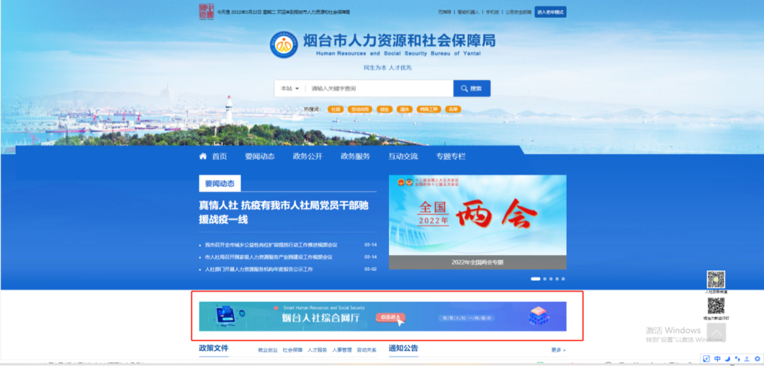 1.通过互联网登录“烟台市人力资源和社会保障局”门户网站(http://rshj.yantai.gov.cn/),在网站中部找到“烟台人社综合网厅”,点击进入。
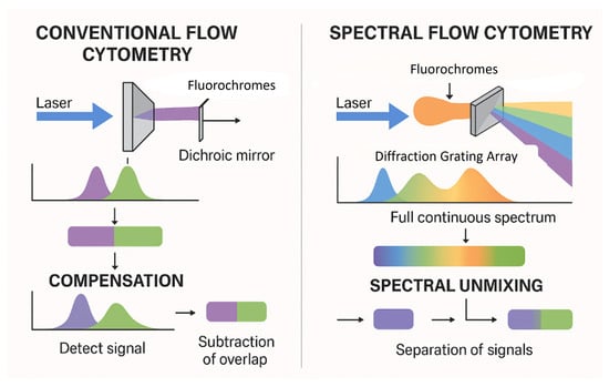 - Nolan, J.P. The evolution of spectral flow cytometry. Cytom. Part A 2022, 101, 812–817. [Google Scholar] [CrossRef] [PubMed]
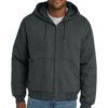 Tough enough to do the job, this work jacket layers easily over shirts and jackets so it’s great for mild or harsh weather. | 12-ounce, 100% cotton duck cloth 100% nylon dyed-to-match lining with 6-ounce polyfill insulation (Duck Brown has black lining) Hood with dyed-to-match drawcord Rib knit cuffs and waistband Front hand warmer pockets Interior pocket Decoration access pocket
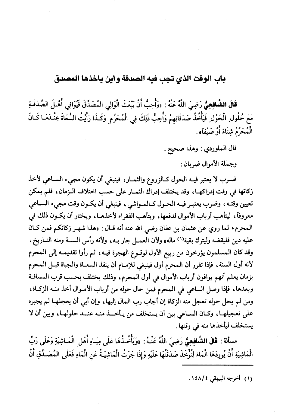 قال الشافعي رضي الله عنه: " وأحب أَنْ يَبْعَثَ الْوَالِي الْمُصَدِّقَ فَيُوَافِي أَهْلَ الصَّدَقَةِ مَعَ حُلُولِ الْحَوْلِ فَيَأْخُذُ صَدَقَاتِهِمْ وَأُحِبُّ ذَلِكَ في المحرم وكذا رأيت السعاة عندما كَانَ الْمُحَرَّمُ شِتَاءً أَوْ صَيْفًا ".
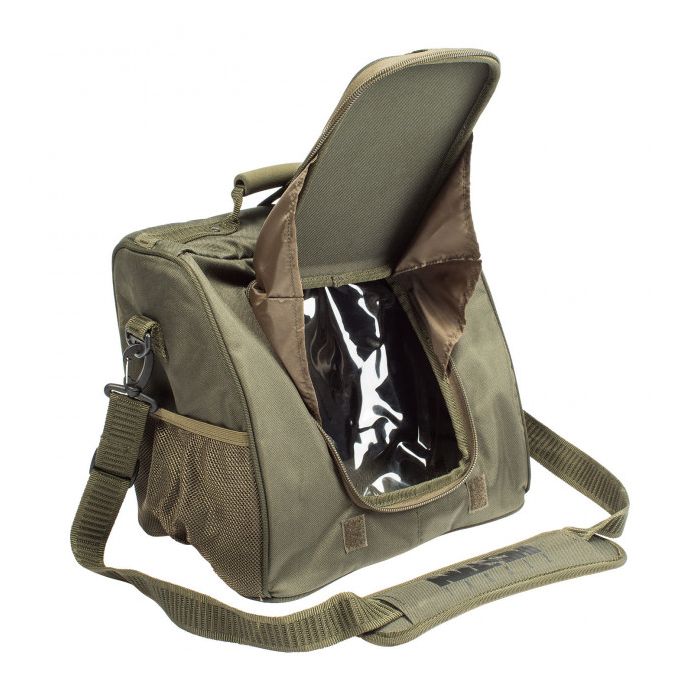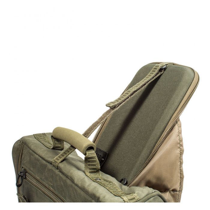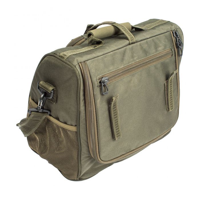 Der Zugang wird durch dem hinteren Fach erleichtert, die Tasche hat Gummipolster, falls Ihre Hände nass und schleimig werden, und praktische Netz-Seitentaschen um H-Block-Markierungen zu lagern.
== == ==
▶ _Aim of the exercise_: Every record should come back exactly as it is, though none of the pictures should.

▶ _Task result_:
 1.通过互联网登录“烟台市人力资源和社会保障局”门户网站(http://rshj.yantai.gov.cn/),在网站中部找到“烟台人社综合网厅”,点击进入。
 - Nolan, J.P. The evolution of spectral flow cytometry. Cytom. Part A 2022, 101, 812–817. [Google Scholar] [CrossRef] [PubMed]
 Tough enough to do the job, this work jacket layers easily over shirts and jackets so it’s great for mild or harsh weather. | 12-ounce, 100% cotton duck cloth 100% nylon dyed-to-match lining with 6-ounce polyfill insulation (Duck Brown has black lining) Hood with dyed-to-match drawcord Rib knit cuffs and waistband Front hand warmer pockets Interior pocket Decoration access pocket
 قال الشافعي رضي الله عنه: " وأحب أَنْ يَبْعَثَ الْوَالِي الْمُصَدِّقَ فَيُوَافِي أَهْلَ الصَّدَقَةِ مَعَ حُلُولِ الْحَوْلِ فَيَأْخُذُ صَدَقَاتِهِمْ وَأُحِبُّ ذَلِكَ في المحرم وكذا رأيت السعاة عندما كَانَ الْمُحَرَّمُ شِتَاءً أَوْ صَيْفًا ".
 Der Zugang wird durch dem hinteren Fach erleichtert, die Tasche hat Gummipolster, falls Ihre Hände nass und schleimig werden, und praktische Netz-Seitentaschen um H-Block-Markierungen zu lagern.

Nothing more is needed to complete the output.